In a canvas of 100px width (pixel-index 0 to 299 in first line), pixelarray[299] would be the blue-value of the last pixel in the first line and pixelarray[300] the red-value of the first in second line.
Then you could get either the functions representing the 4 lines you want to compare to and do something like
function isblack(x,y,width,height){
return pixelarray[(y*width+x)*3]==255&&pixelarray[(y*width+x)*3+1]==255&&pixelarray[(y*width+x)*3+2]==255||x<0||x>width||y<0||y>height;
}
function f(x){return a*x+b;}
var lineblackness=0;
for(var x=0;x<picturewidth;x++)if(isblack(x,f(x),picturewidth,pictureheight))lineblackness++;
if(lineblackness==picturewidth)line_is_drawn();
Where fx(x) would represent the line ...
well, if you use a picture or coordinates for the line, it might get easier:
getcoord(data){
var ar=new array();
for(var i=0;i<data.length/3;i++)if(data[i*3]==255)ar.push(i);
return ar;
}
var comparecoords=getcoord(comparecanvas.getImageData(x, y, width, height).data);
var thisdata=canvas.getImageData(x, y, width, height).data;
var linehits=0;
for(var i=0;i<comparecoords.length;i++){if(thisdata[comparecoords[i]*3]==255)linehits++;}
if(comparecoords.length==linehits)all_coords_are_hit();
Here I only compared the red-value, assuming you have a black&White-image.

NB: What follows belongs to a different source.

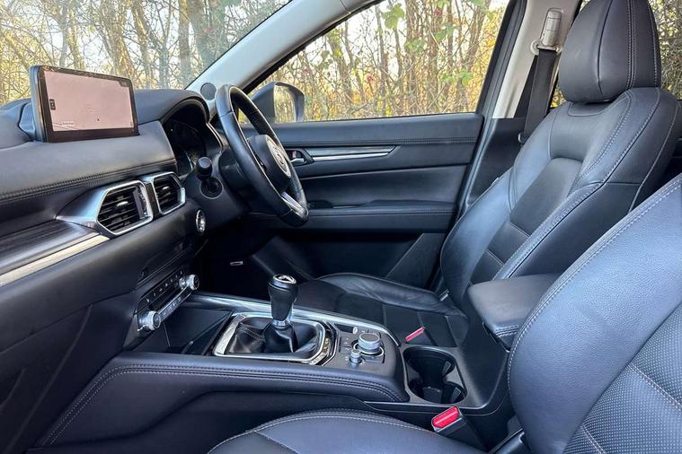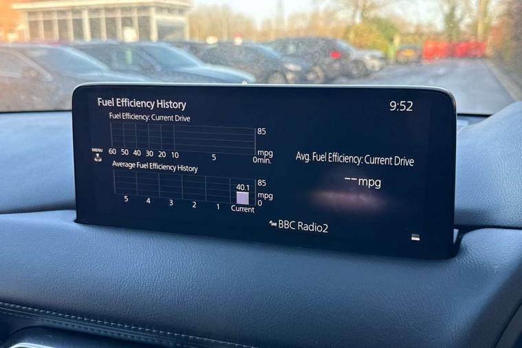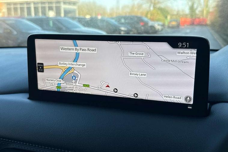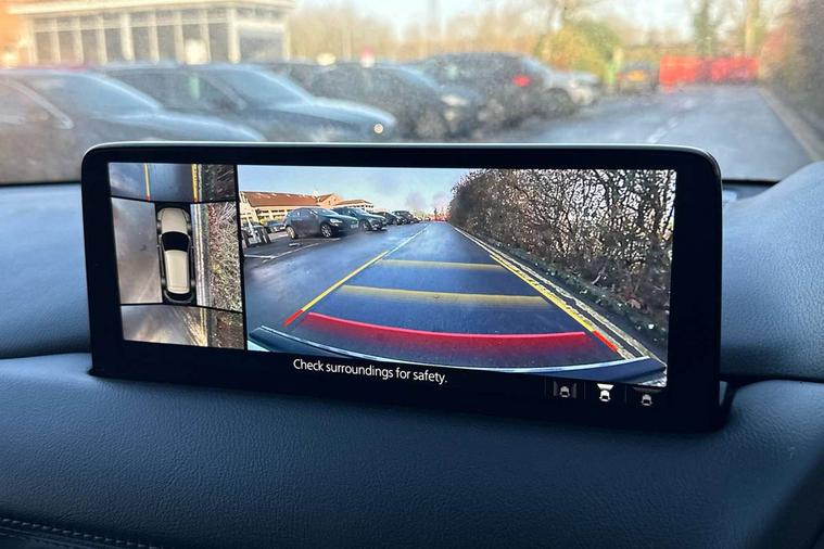 10.25" display with Mazda Connect infotainment, 7" colour TFT display, Apple car play/Android Auto, Blind spot monitoring with rear cross traffic alert, Bluetooth connectivity with voice control, Collision prevention assist, Connected services, Cruising Traffic Support, Electric power steering, Emergency stop signalling system, Engine start/stop button, Forward collision warning, Front and rear parking sensors, Integrated navigation system, Intelligent speed assist, Lane departure warning system, Lane keep assist, Qi wireless phone charging, Radar cruise control, Reversing camera, Service indicator, Traffic sign recognition (TSR), Trip computer, Windscreen projected colour active driving display (HUD) with memory, Cylinder Deactivation, i-stop, 2 USB sockets in rear, 2x USB sockets in front, AM/FM radio, Bluetooth audio streaming, Bose premium sound system with 10 speakers, DAB Digital radio, Multimedia Commander including separate volume dial, Steering wheel mounted audio controls, Adaptive front lighting system, Auto dimming rear view mirror, Automatic headlights, Black inlay dashboard panel, Body colour door mirrors, Body colour roof spoiler, Body coloured front and rear black lower bumper mouldings, Bright finish signature wing, Coming/leaving home lighting function, Door mirror integrated indicators, Dual chrome tailpipes, Dusk sensitive headlamps, Electric front/rear windows with one touch auto up/down, Front grille in gloss black finish, Gloss black B and C pillars garnish, High beam assist, Intermittent rear wash/wipe, LED auto levelling, LED daytime running lights, LED front fog lights, LED Headlights, LED third brake light, Power folding and heated door mirrors, Power tilt/slide sunroof, Privacy glass (rear side windows only), Rain sensing front wipers, Rear side wing doors, Satin black side mouldings, Scuff plates, Shark fin antenna, Signature LED rear combination lights, Vinyl with wood grain metal inlay door trim panel, Windscreen wiper de-icer, 12v electrical power outlet, 3 seat bench in 2nd row, 3 stage heated front seats, 40:20:40 Karakuri fold-flat seat system, 6 way electric adjustable passenger seat, 8 way electric driver seat with lumbar support + memory, Cargo room flat floor board with waterproof undertray, Driver seat power slide, recline and height adjustment, Driver, Front passenger and two rear grab handles with coat hooks, Driver/passenger front seatback pockets, Driver/passenger sunvisors + illuminated vanity mirrors (drivers with ticket holder), Dual zone climate control, Folding centre armrest with 2 cup holders, Front and rear door pockets, Front centre storage with two cupholders, Front passenger seat power slide, recline and height adjustment, Gear shift indicator, Heated steering wheel, Humidity sensor, Illuminated glovebox, Interior dome light with integral spotlight, ISOFIX child seat anchorage points attached on outer rear seats, Karakuri tonneau cover, Leather upholstery, Leather wrapped steering wheel and gear knob, Light roof lining, Luggage compartment LED lighting, Luggage compartment power outlet, Rear air vents, Rear headrests, Rear seat recline, Roof mounted sunglasses holder, Single front passenger seat, Three height adjustable head restraints, Tilt/height adjustable steering wheel, White interior LED illumination lighting, 3 point front seatbelts with pre-tensioners, 3 rear 3 point seatbelts, ABS, Advanced Smart City Brake Support - SCBS, Child locks on rear doors, Driver and front passenger side airbags, DSTC-Dynamic Stability and Traction Control, Dual front airbags, Electronic brake force distribution, Electronic parking brake with auto hold, ESP, Front and rear curtain airbags, Front passenger airbag deactivation, G-Vectoring control, Hill hold assist, Seatbelt reminder front and rear, Single stage passenger airbags, Smart brake support with forward obstruction warning, Tyre pressure monitoring system, Automatic door locking when moving off, Deadlock, Immobiliser, Power door locks, Remote central locking, Smart keyless entry, Thatcham Cat.1 alarm, 19" diamond cut black alloy wheels, Tyre repair kit,

If you want to compare lines that aren't exactly fits, you can change the ==255 with a few additional ifs e.g.
function isblack(x,y,width,height,blurr,treshhold){
for(var i=-blurr;i<blurr;i++)if(x-i>0&&x+i<width&&pixelarray[(y*width+(x+i))*3]>=treshhold)return true;
for(var i=-blurr;i<blurr;i++)if(y-i>0&&y+i<height&&pixelarray[((y+i)*width+(x))*3]>=treshhold)return true;
return false;
}
This function uses also only red, but uses a treshhold to let also gray be valid. it also accepts a blurr-value for checking in x-direction before/after the pixel and then again in y-direction.
You could also combine the two loops for checking in an rectangle around the pixel.
Changing the return true into return i will also give you the distance from the pixel you want to check. if you combine the two loops into an i and a j-value, return sqrt(i^2+j^2) and sum all checks up, you can get an indicator how accurate your line is.
To implement sqareroot-error, only comparing the y-distance and summing up the squared distance i^2 should be enough.
Please note that these programs are suggestions, better implementations may exists and my codes could still contain errors.